Türkiye’de Demokrat siyaset devlet idaresi geçerli olduğunda, başta Diyanet teşkilâtı olmak üzere cemaat ve tarikatların üzerindeki siyasî ve ideolojik baskı kalkmakta, bu yapılar rahat ve halisane iman ve Kur’ân hizmeti yapmaktadırlar.
Demokrat olmayan siyaset bir yolunu bulup ülkeye hâkim olduğu zaman ise, din hizmetleri politize edilerek veya baskı altına alınarak etkisiz hale getirilmektedir.
Türkiye’de 1950’den sonraki dönemlerde Adnan Menderes ve Süleyman Demirel’in başında bulunduğu Ahrar / Demokrat güçler, ülke idaresinin başına geçtiklerinde, dinî hizmetler rahat ve sağlıklı yapıldığı görülmüştür.
Bu güçler, maddî kalkınmayı gerçekleştirme yanında, ülke sathında Kur’ân kursları, İHL’leri ve İlahiyat fakülteleri açarak halkın maneviyat ihtiyacını karşılayarak ülkeye çok hizmet etmişlerdir.
Onlar din hizmeti yapan yapılara müdahale etmemişler, onları siyasetin üstünde tutarak işlerini rahat ve samimî olarak yapmalarına yardımcı olmuşlardır. Ayrıca onlar, siyaset meydanlarında vesile oldukları din hizmetlerini oya tahvil etmek için istismar etmemişlerdir.
Demokratların bu hizmetlerini hazmetmeyen iç ve dış fesat odakları askerleri kışkırtarak darbe yoluyla onları yönetimden uzaklaştırmışlardır.
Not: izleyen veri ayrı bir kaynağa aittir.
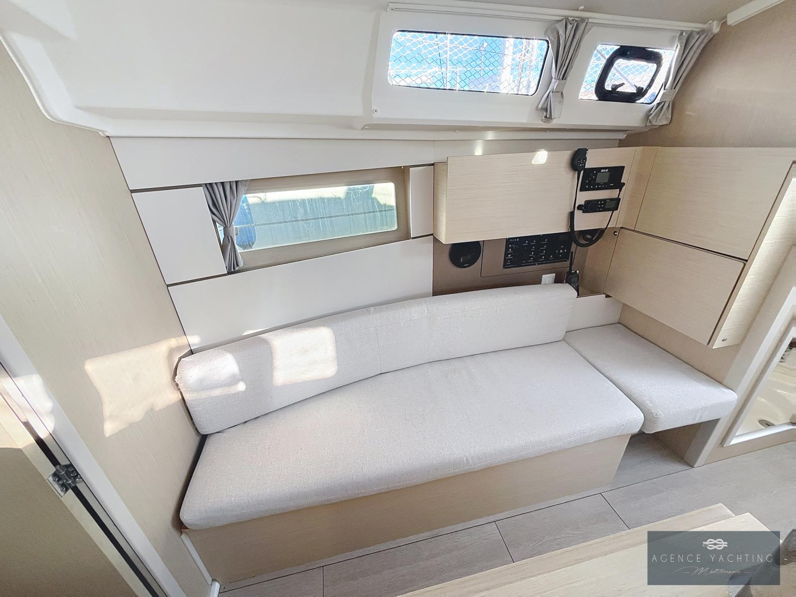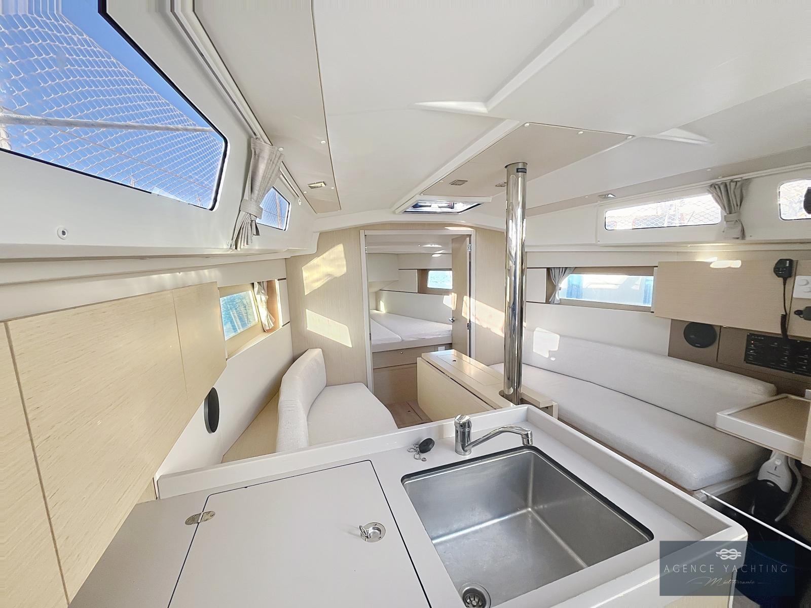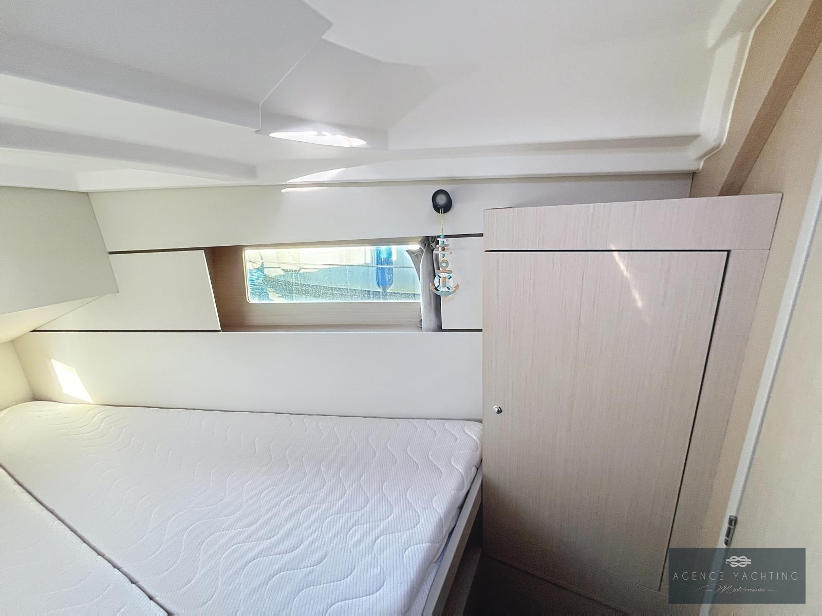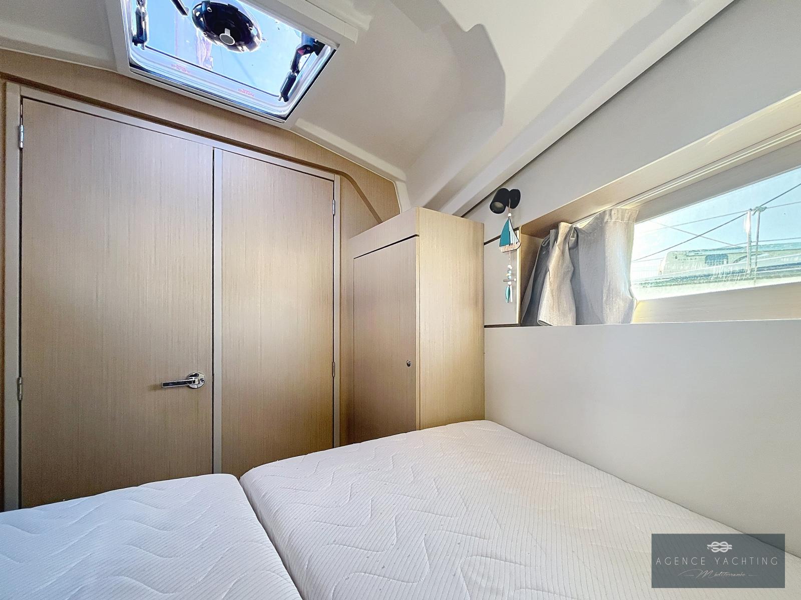 Intérieur élégant et fonctionnel finition Chêne Clair. Version 3 cabines doubles, chacune pensée pour l’intimité et le repos, plus un couchage d’appoint supplémentaire dans le carré. Salle d’eau séparée, rangements généreux et ambiance lumineuse soignée pour des escales confortables. Cuisine spacieuse et très bien équipée : four, réchaud gaz performant et micro-ondes...

Bu odaklar, fitne ve fesat oyunlarıyla halkı şaşırtarak onların yerine Demokrat olmayan, ancak ağzı iyi lâf yapan vizyonsuz siyasîlerin önlerini açarak iktidara taşımışlardır.
Bu siyasîler de bir taraftan yanlış karar ve uygulamalarla ülkeye zarar verirlerken, diğer taraftan cemaat ve tarikatları değişik tuzaklarla politize ederek kendilerine biat etmeye zorlamakta, biat etmek istemeyenleri ayrıştırarak veya birbirine düşürerek din hizmetlerini etkisiz hale getirmektedirler.
Bugün ülkemizde devletin kontrolünde ve onun yönlendirmesiyle çalışan devasa bir bütçeye, 80 bin küsur camiye, 150 binden ziyade personele sahip bir Diyanet Teşkilâtı, her birinin yüz binlerce müntesibi bulunan çok sayıda sivil cemaat ve tarikat vardır. Buna göre ülkemiz iman ve amel yönünden yüksek bir seviyede olması lâzımdı. Ne var ki toplumda korkutucu bir iman ve ahlâk buhranı yaşanmaktadır.
Son Söz: Demokrat olmayan siyasîler yönetimde oldukları sürece Türkiye’nin maddî manevî yönden ilerlemesi, rahat yüzü görmesi çok zor görülmektedir. Ülke yönetiminde Demokrat bir siyasete acilen ihtiyaç vardır.